+++ DATA FOR REVIEW +++

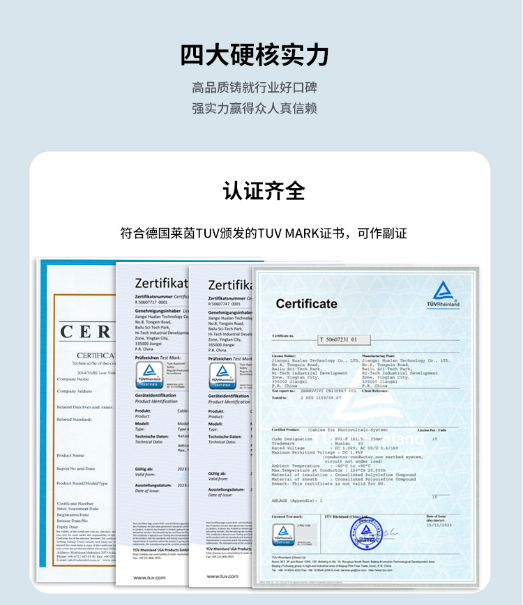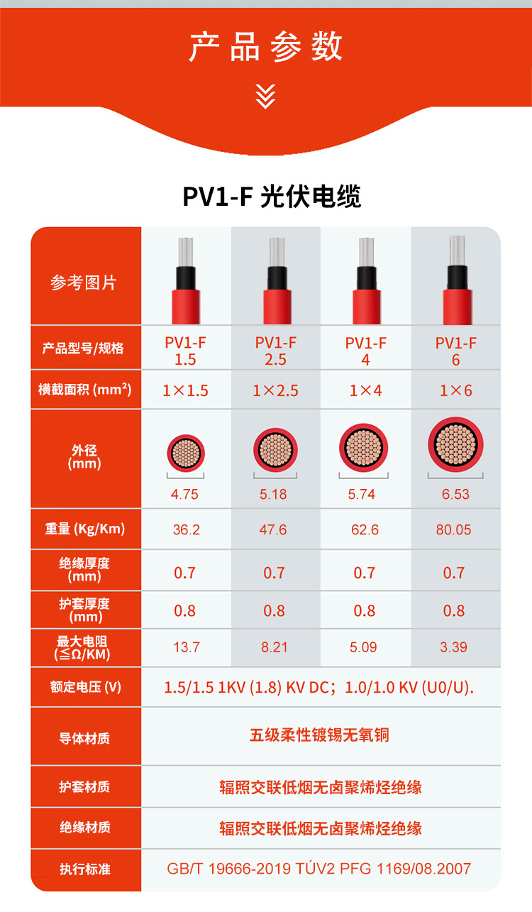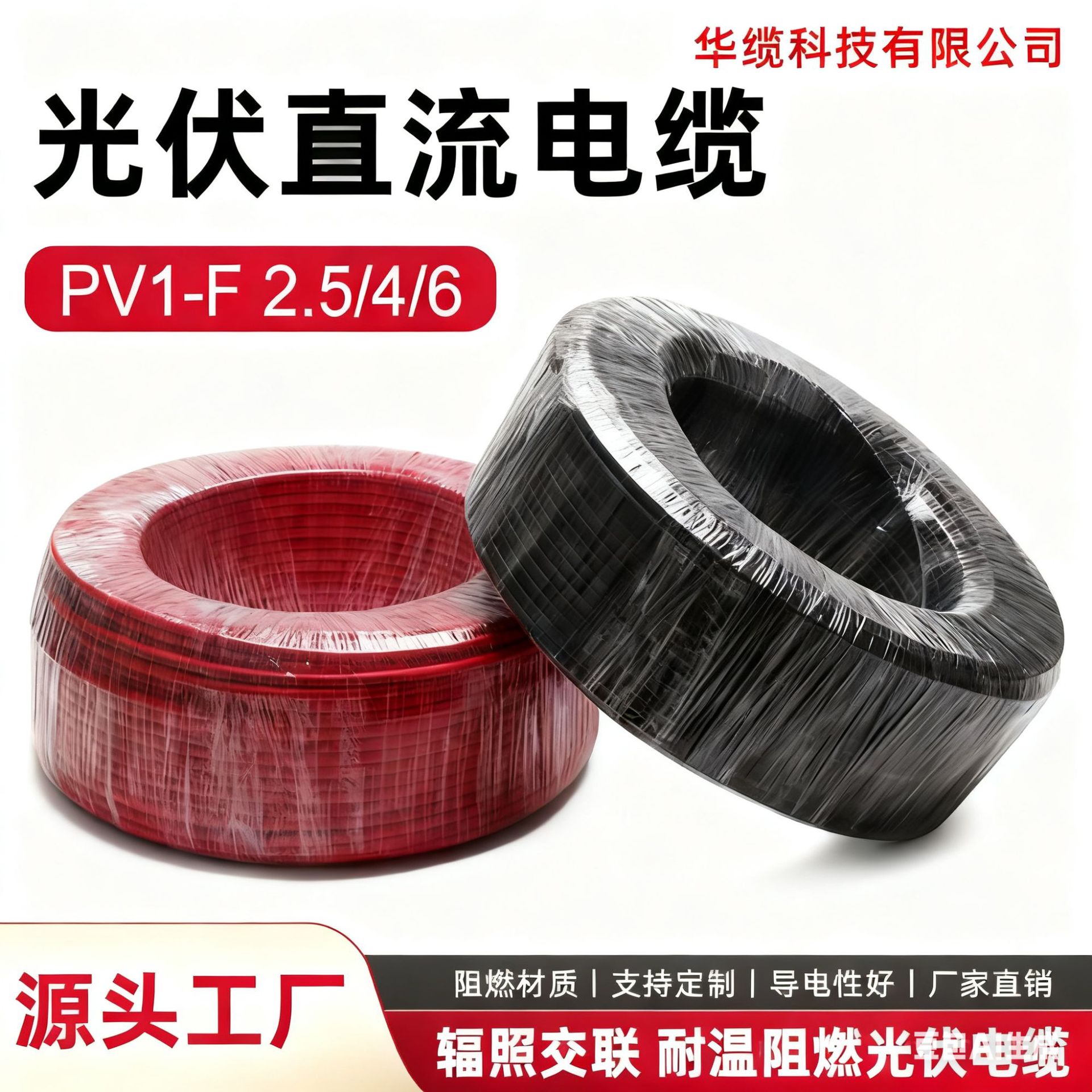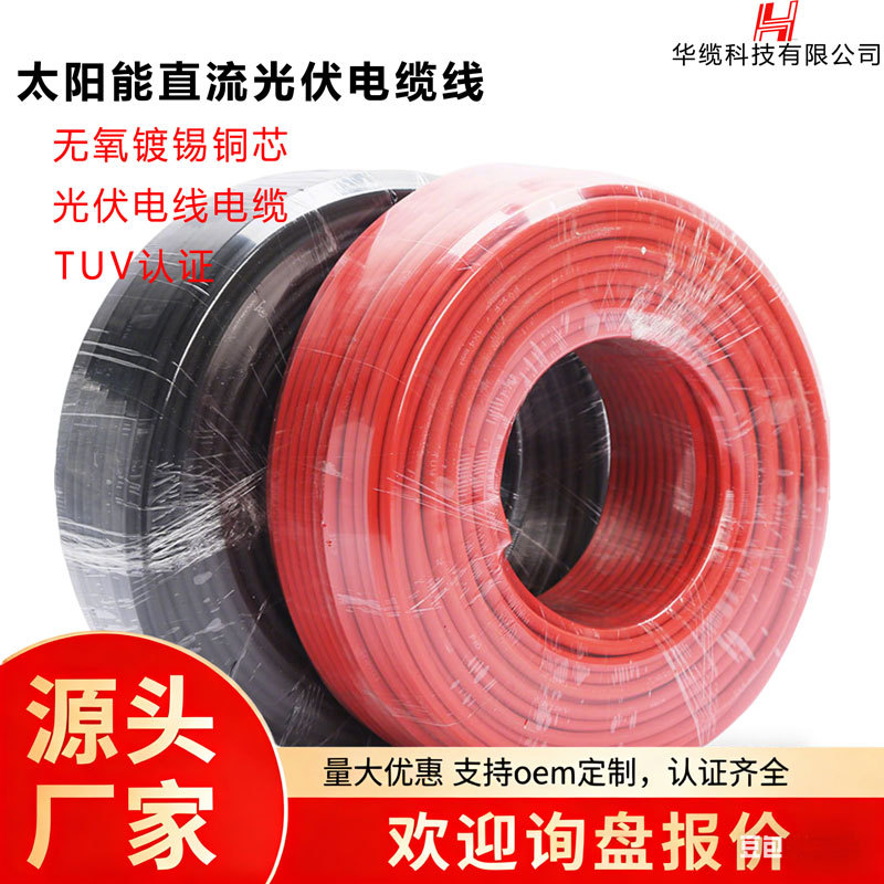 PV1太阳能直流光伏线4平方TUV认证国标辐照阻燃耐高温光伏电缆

+++
+++ DATA FOR REVIEW +++

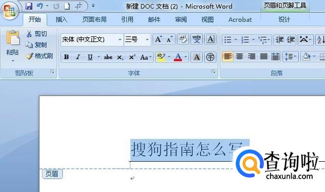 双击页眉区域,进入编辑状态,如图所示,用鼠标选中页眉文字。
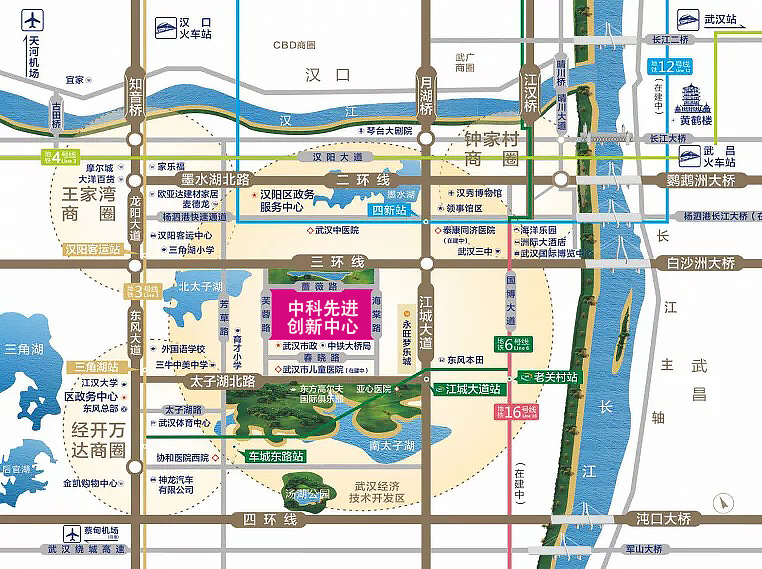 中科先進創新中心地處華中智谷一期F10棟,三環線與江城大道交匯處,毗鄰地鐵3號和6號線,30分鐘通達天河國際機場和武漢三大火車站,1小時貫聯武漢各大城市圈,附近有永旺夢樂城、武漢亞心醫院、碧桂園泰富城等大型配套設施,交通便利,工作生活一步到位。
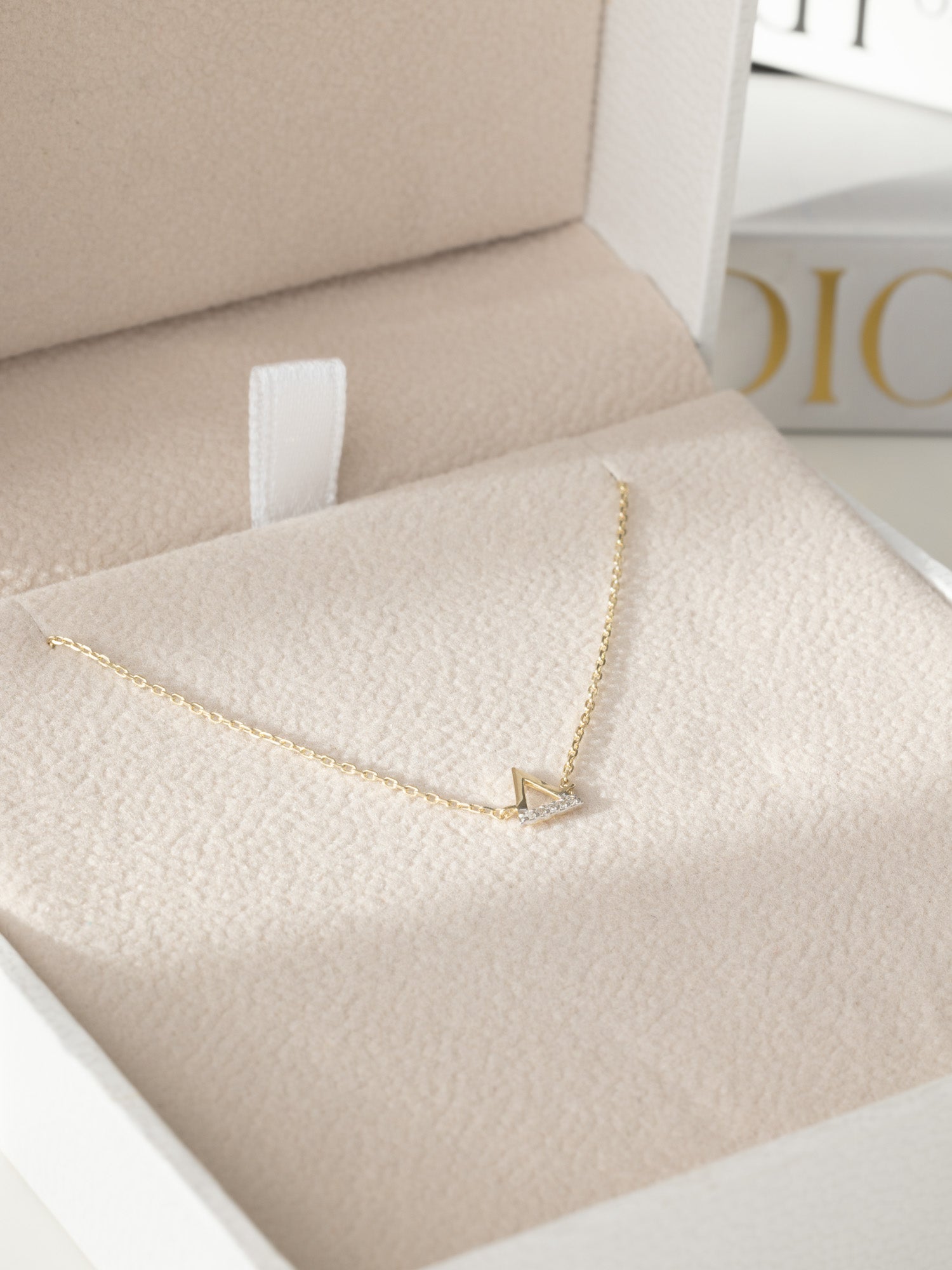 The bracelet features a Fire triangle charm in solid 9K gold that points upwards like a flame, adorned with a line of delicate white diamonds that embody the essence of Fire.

+++

● **WHAT IS BEING ASKED**
Output exactly, and only, the lines of the entries above from the one with "双击页眉区域,进入编辑状态,如图所示,用鼠标选中页眉文字。" up to and including the one with "The bracelet features"; pictures are to be left out.

● **OUTPUT OF THE EXERCISE**
 双击页眉区域,进入编辑状态,如图所示,用鼠标选中页眉文字。
 中科先進創新中心地處華中智谷一期F10棟,三環線與江城大道交匯處,毗鄰地鐵3號和6號線,30分鐘通達天河國際機場和武漢三大火車站,1小時貫聯武漢各大城市圈,附近有永旺夢樂城、武漢亞心醫院、碧桂園泰富城等大型配套設施,交通便利,工作生活一步到位。
 The bracelet features a Fire triangle charm in solid 9K gold that points upwards like a flame, adorned with a line of delicate white diamonds that embody the essence of Fire.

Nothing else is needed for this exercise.